Por José Francisco González González, obispo de Campeche |
El Evangelio (Jn 6, 41-51) comienza diciendo, que los interlocutores de Jesús, los judíos, murmuraban. Es la misma actitud que tomó el pueblo en el desierto, en contra del enviado de Dios, Moisés. Parece ser que cuando Dios “nos habla” con situaciones maravillosas, lo único que alcanzamos a responder es con murmuración. En esta ocasión, Jesús les habla del verdadero Pan Vivo bajado del Cielo. Ya no habla de la figura premonitoria del Antiguo Testamento, el Maná. No, ahora es el verdadero Pan, no ya más la figura. La respuesta del pueblo es el desprecio de la persona de Jesús y, también, su familia. Los murmurantes, en tono sarcástico, preguntan: “¿No es éste, Jesús, el hijo de José? ¿Acaso no conocemos a su padre y a su madre?”; es decir, es un ‘don nadie’. No nos detengamos en esa diatriba. Pasemos a decir, que si bien, en el Evangelio de san Juan no se narra la institución de la Eucaristía, como sucede en los otros tres Evangelios, el discurso del capítulo 6 nos habla de lo mismo, pero de otra manera.
¿CREO EN LA EUCARISTÍA?
La pregunta no está por demás. La Eucaristía es un sacramento real, pero sólo desde la fe, lo aprecia y descubre el que hace la peregrinación y las prácticas necesarias. Si los judíos no creían en Jesús y sus signos maravillosos, porque ‘conocían’ sus humildes orígenes familiares, ¿cómo creer que en un pedazo de pan tan insignificante como una hostia, va a estar contenido, después de las palabras de consagración, toda la divinidad y humanidad de Jesús? Allí estriba la dificultad. En la sencillez del medio que Dios adopta para dejarnos la grandeza de su Ser. El creyente manifiesta su fe, no sólo con palabras, sino con actitudes y convicciones. ¿Cómo decir que creo en la Eucaristía, si no participo en ella, si no comulgo, si no entiendo lo que celebro? Eso sería ‘creer’, pero sin creer; decir ‘tengo fe’, pero vivir sin fe; pertenezco a la Iglesia, pero no vivo como Iglesia.
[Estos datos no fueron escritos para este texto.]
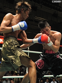 試合:殿村は今年5月の東洋タイトル敗戦からの復帰戦。対する将生は、約7年のブランクを乗り越え09年にカムバックし、ランキング奪取を目論む。サウスポーの両者、まずは31歳の将生がキレのある動きを見せ、速いジャブで先手を取ると殿村にボディアッパーをヒット。殿村もジャブをダッキングでかわしボディストレートと、互いにボディを狙う立ち上がり。有効打こそ打たせない殿村だったが3R、将生のコンパクトな右アッパーで一瞬よろめくと、続けて右フック、アッパーを被弾。この試合、将生のアッパーは冴え、ジャブからのアッパーが殿村のボディと顎を捉える。しかし、河野戦で打たれ強さを実証した殿村は、少々の被弾は御構いなし。プレスをかけてワンツー、ボディで応戦。これを将生は手数で押さえ込む。中盤、キレの落ちない将生は、ジャブからボディアッパー、さらに会心の右フックを入れるが、殿村はここでも前進。7Rには手数が落ちた将生にボディ連打で攻め込む。将生もここで負けず、アッパーを返し「来い!」とポーズ。すると殿村も同じポーズを返し激しく打ち合う。最終8R、将生の左ストレート、アッパーがクリーンヒットするが、殿村は前に出てワンツー。そこへ将生の右フックが入り、殿村は後ろに手を付きダウン。立ち上がる殿村のダメージを深刻と見たレフェリーが試合を止めた。

Es la paradoja que subraya el prólogo del Evangelio de san Juan: “Vino a los suyos, y no lo recibieron”.
PADRE PÍO Y LA EUCARISTÍA
El Padre Pío, de quien estamos celebrando los 50 años de su ida al Cielo, amaba profundamente la Eucaristía. Él quería ser sacerdote, no por “hacer carrera” o para “tener algo de qué vivir”, o “por ocurrencia”, o “por gusto”. Él quería ser sacerdote para unirse en vida al sacrificio de Cristo en la Eucaristía. Por eso, Dios le aceptó su anhelo, y lo volvió un alma expiatoria, una persona eucarística. El Padre Pío de Pietralcina fue siempre muy enfermizo. Le faltaba casi un año para poder ser sacerdote, y pensaba que iba a morir antes. Por eso, pidió permiso para recibir la ordenación antes de los 23 años de vida, edad mínima en aquél entonces, para recibir la ordenación sacerdotal. Lo único que quería era celebrar la Misa. Tener ese encuentro personalísimo y afectuosísimo con el Amor (Jesús) era su delirio. Celebró la Primera Misa y otras muchas más (murió a los 81 años). Cada Misa era bien preparada y siempre profundamente agradecida. Él se levantaba a las 2.30 am para “prepararse” a celebrar la Misa. Pasaba grandes momentos de oración. Por eso, cuando celebraba, parecía absorto. No era actuación externa, para que la gente lo apreciara. Él lo hacía porque reconocía, podríamos decir “veía” a Cristo vivo en la misma hostia consagrada, en el mismo vino hecho sangre derramada para la remisión de los pecados del mundo entero. Al inicio de su vida sacerdotal recibió, en su cuerpo las dolorosas estigmas. Al morir, de manera incomprensible, esas se borraron totalmente, ni siquiera marcas o cicatrices quedaron en su piel.
¡Feliz Día del Señor! ¡Danos, Señor, siempre de ese mismo Pan!